A ScientificComputing.com article by Rob Farber explores the topic of numerical precision in the context of future exascale computing, asking the question “how do we know that anything we compute is correct?” The discussion centers around processors such as GPUs which provide both single- and double-precision computation but at different throughput levels. “Taking a multi-precision approach can enhance the accuracy of a calculation and justify the use of mainly single-precision arithmetic (for performance) along with the occasional use of double-precision (64-bit) arithmetic for precision-sensitive operations,” writes Farber. (Rob Farber. “Numerical Precision: How Much is Enough?” ScientificComputing.com. Accessed July 1, 2008.)
Performance and accuracy of hardware-oriented native-, emulated- and mixed-precision solvers in FEM simulations (Part 2: Double Precision GPUs)July 14th, 2008
In a previous publication, we have examined the fundamental difference between computational precision and result accuracy in the context of the iterative solution of linear systems as they typically arise in the Finite Element discretization of Partial Differential Equations (PDEs). In particular, we evaluated mixed- and emulated-precision schemes on commodity graphics processors (GPUs), which at that time only supported computations in single precision. With the advent of graphics cards that natively provide double precision, this report updates our previous results.

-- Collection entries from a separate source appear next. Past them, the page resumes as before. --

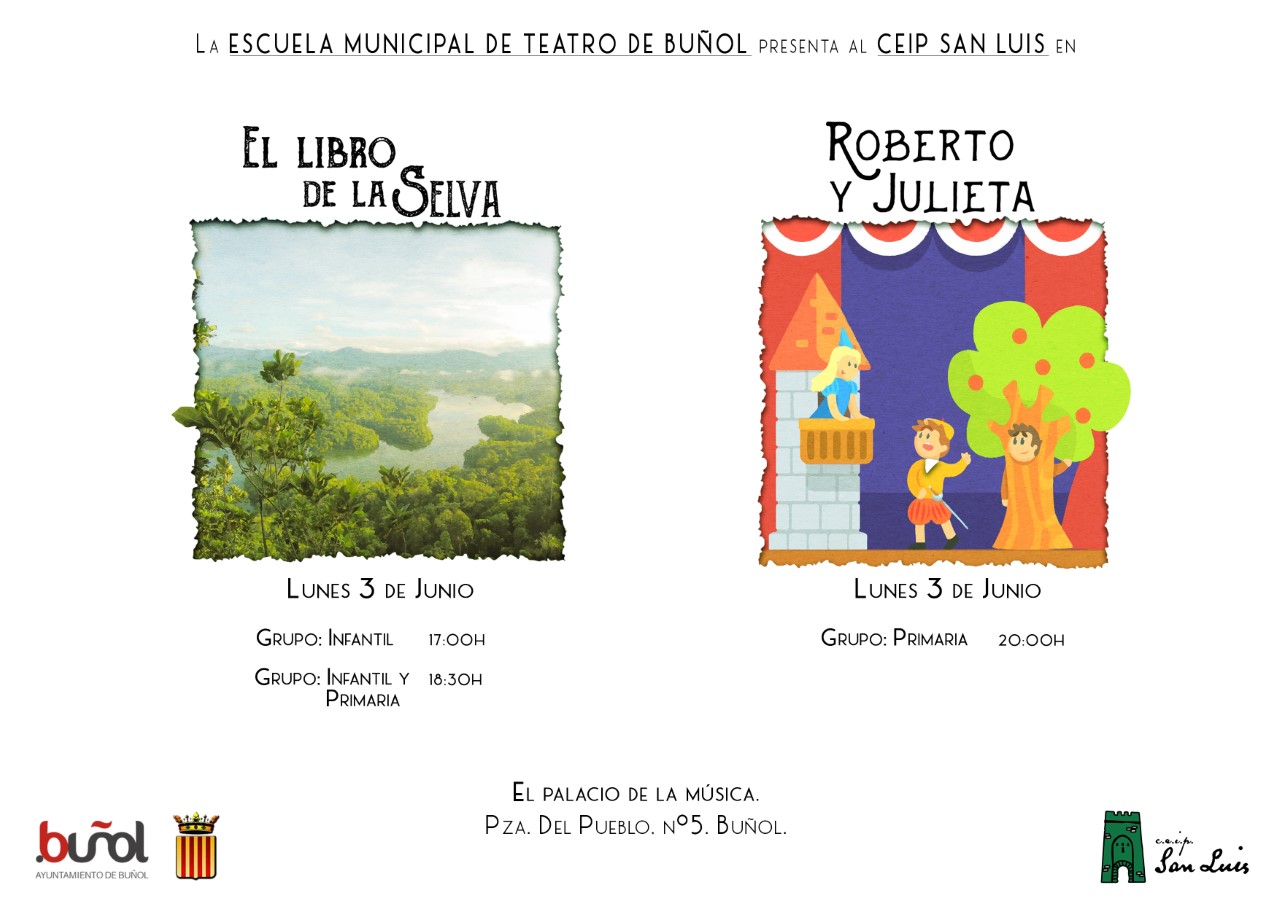 Redacción.- La Escuela Municipal de Teatro de Buñol ofrecerá dos representaciones de final de curso, este viernes y sábado en la Sala El Mercado de la localidad. Las actuaciones comenzarán a las 22:30h y el aforo es limitado a 80 personas. Los interesados e interesadas en acudir deben reservar su plaza en el teléfono: 606305619.
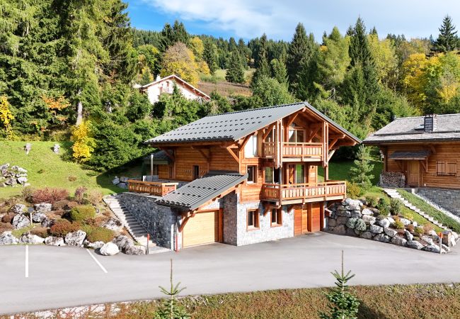 Découvrez le chalet Léonie, un chalet moderne, à l'ambiance alpine, situé dans un quartier calme à deux pas du centre-village des Gets et des pistes de ski.
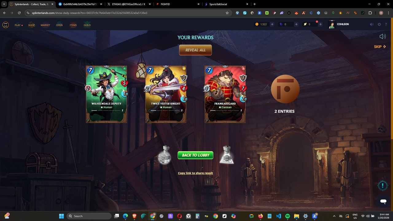 Got a rare and 5 common cards from 2 reward chest, I'll keep grinding, see you tomorrow.
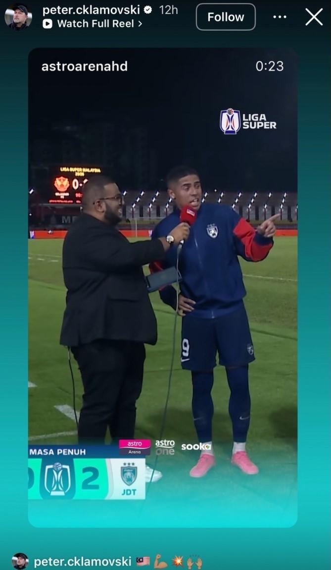 Việc chiến lược gia người Australia để lại biểu tượng quốc kỳ Malaysia dưới bài đăng liên quan đến tiền đạo Bergson Da Silva đã nhanh chóng thổi bùng những đồn đoán về khả năng chân sút của Johor Darul Ta’zim (JDT) sẽ sớm khoác áo ĐTQG Malaysia.
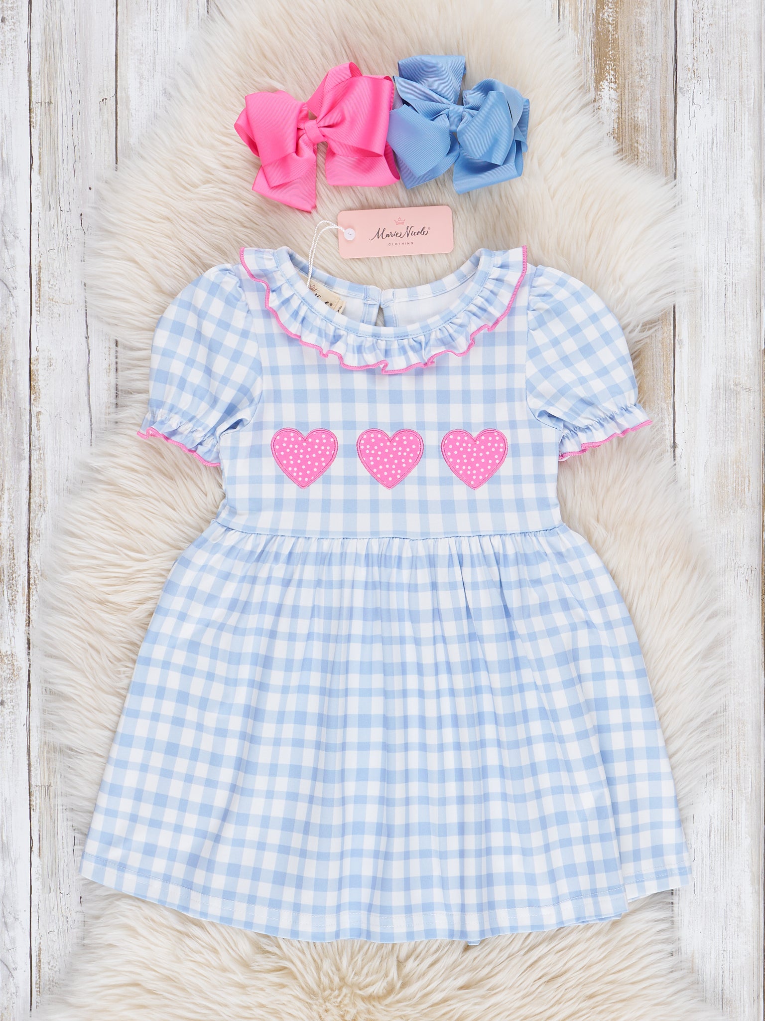 Blue Gingham Embroidered Hearts Ruffle Dress
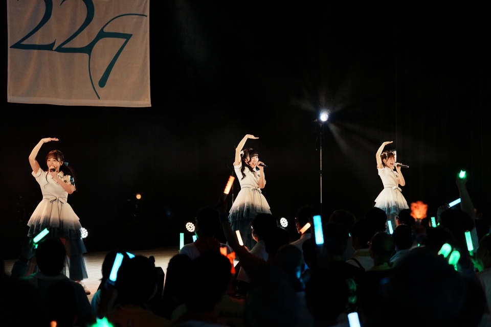 後半は、最新表題曲『あなたでなくちゃ』を皮切りに、『ロックは死なない』『曇り空の向こうは晴れている』、そして本編ラスト『YESとNOの間に』まで、一気に駆け抜ける構成。恋愛・熱量・メッセージ性──三者三様の楽曲が並ぶことで、「今の22/7」の持つパワーが力強く伝わってきた。

We demonstrate that with new co-processor hardware supporting native double precision, such as NVIDIA’s G200 and T10 architectures, the situation does not change qualitatively for PDEs, and the previously introduced mixed precision schemes are still preferable to double precision alone. But the schemes achieve significant quantitative performance improvements with the more powerful hardware. In particular, we demonstrate that a Multigrid scheme can accurately solve a common test problem in Finite Element settings with one million unknowns in less than 0.1 seconds, which is truely outstanding performance. We support these conclusions by exploring the algorithmic design space enlarged by the availability of double precision directly in the hardware.
(Performance and accuracy of hardware-oriented native-, emulated- and mixed-precision solvers in FEM simulations (Part 2: Double Precision GPUs). Dominik Göddeke and Robert Strzodka. Technical Report, 2008.)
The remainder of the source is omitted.